Мое principium humanitatis не вполне обычно: вздумай его применить к себе человек по природе добрый, ему пришлось бы, следуя принципу "преодоления собственной природы", причинять зло, чтобы утвердиться в сознании истинно человеческой свободы. Итак, мой принцип непригоден для всеобщего употребления, но я и не собирался предлагать этическую панацею для всего человечества. Непохожесть, неодинаковость людей изначальна и неоспорима, поэтому кантовский постулат – что принцип, лежащий в основе поведения индивида, должен стать всеобщим законом, – налагает на людей неравное бремя. Индивидуальные ценности он приносит в жертву культуре как ценности высшей, а это несправедливо. Я также не думаю, будто человека можно считать человеком лишь постольку, поскольку упрятанное в нем чудовище он сам же связал по рукам и ногам. Я представил сугубо личные резоны, мою индивидуальную стратегию, которая, впрочем, ничего не изменила во мне. По-прежнему первой моей реакцией на известие о чьей-то беде остается мгновенная вспышка удовлетворения; я даже не пробую предупредить ее, отчаявшись добраться туда, где прячется это бездумное и бессмысленное хихиканье. Но я отвечаю сопротивлением и действую вопреки себе потому, что могу это делать.
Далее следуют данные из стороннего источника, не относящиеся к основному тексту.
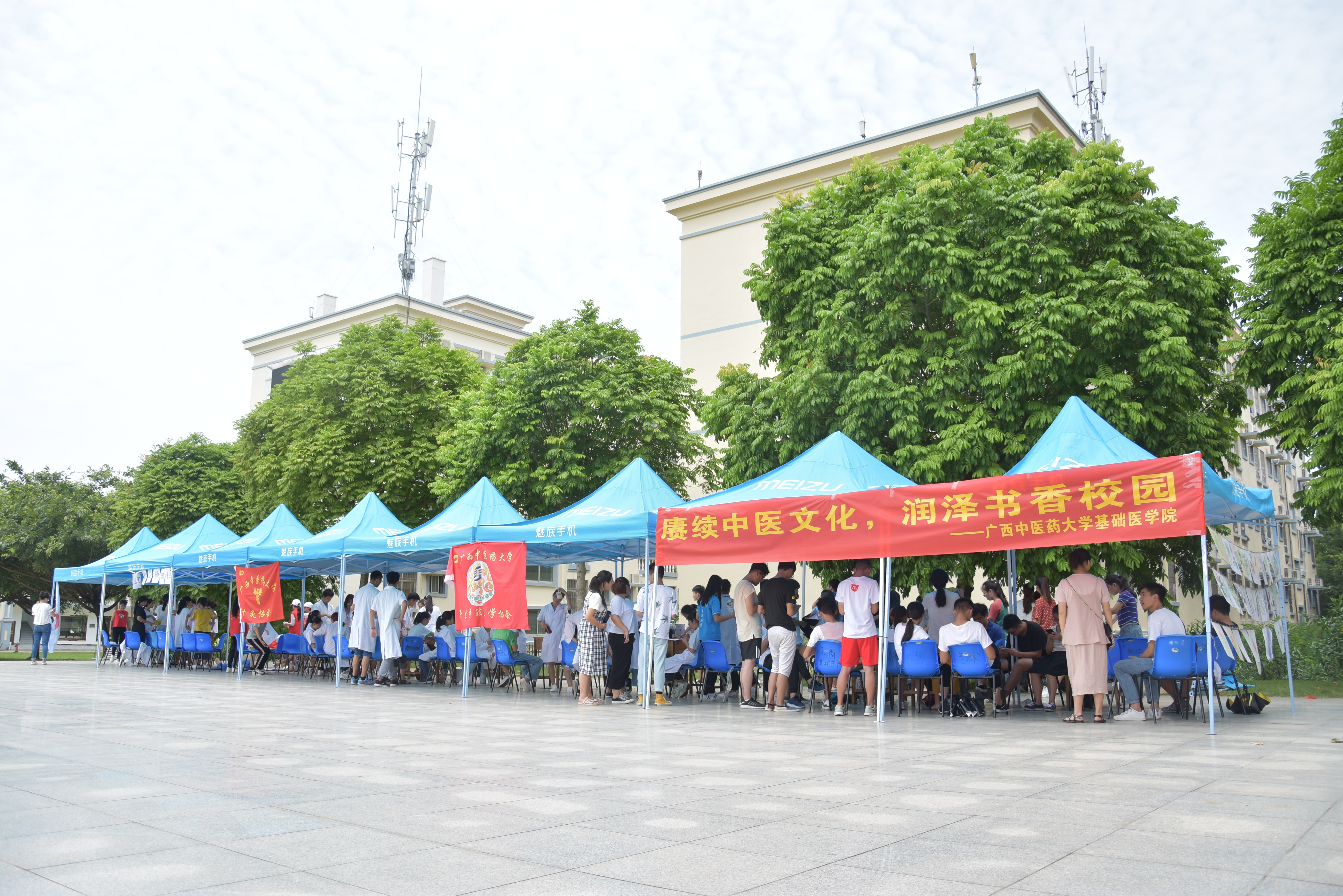 为了提高同学们的社会实践能力,弘扬十九大精神,广西中医药大学基础医学院于6月17日在广西外国语学院举办了“赓续中医文化,润泽书香校园”主题义诊社会实践活动。
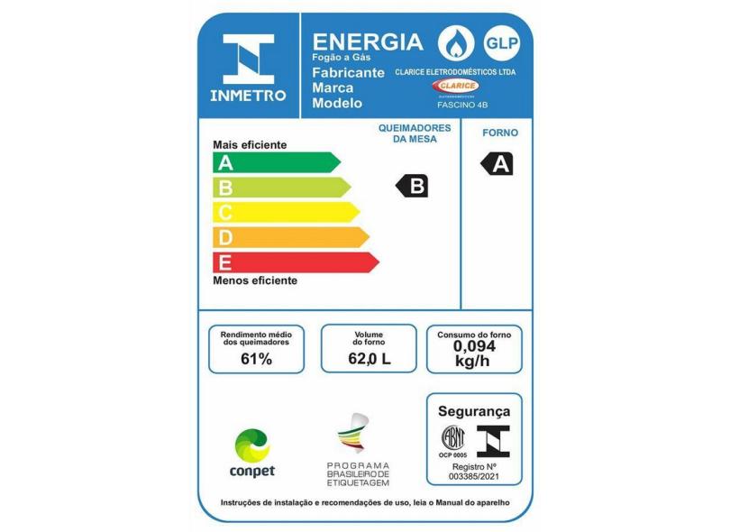 | Eficiência Energética / Selo CONPET (Mesa de Cocção) | Selo Conpet A (Mais Eficiente) |

Если б я действительно писал автобиографию – которая в сравнении с другими моими жизнеописаниями оказалась бы антибиографией, – мне не пришлось бы доказывать уместность подобных признаний. Но цель у меня другая. Вот событие, о котором я поведу речь: человечество столкнулось с чем-то, высланным в звездный мрак существами, отличными от нас, людей. Событие это, первое в нашей истории, думаю, стоит того, чтобы поведать, не стесняясь условностями, кто же, собственно, представлял человечество во встрече с Другими. Тем более что тут спасовала и моя гениальность, и моя математика, и плоды этой встречи оказались отравленными.

I

О Проекте "Глас Господа" существует огромная и гораздо более пестрая по своему составу литература, чем о Манхэттенском. Когда его рассекретили, на Америку и на весь мир обрушилась лавина статей, книг, брошюр; одна библиография составляет увесистый том размером с энциклопедию. Официальная версия изложена в докладе Белойна, позднее вышедшем в издательстве "American Library" десятимиллионным тиражом, а его квинтэссенция содержится в восьмом томе "Американской энциклопедии". О Проекте писали и другие люди, занимавшие в нем ведущие должности, например С. Раппопорт ("Первая в истории межзвездная связь"), Т. Дилл ("Глас Господа – я его слышал") и Д. Протеро ("Проект ГЛАГОС – физические аспекты"). Книга Протеро, моего ныне покойного друга, – одна из самых обстоятельных, хотя принадлежит она, собственно, к разряду узкоспециальной литературы, где объект исследования совершенно отграничен от личности исследователя.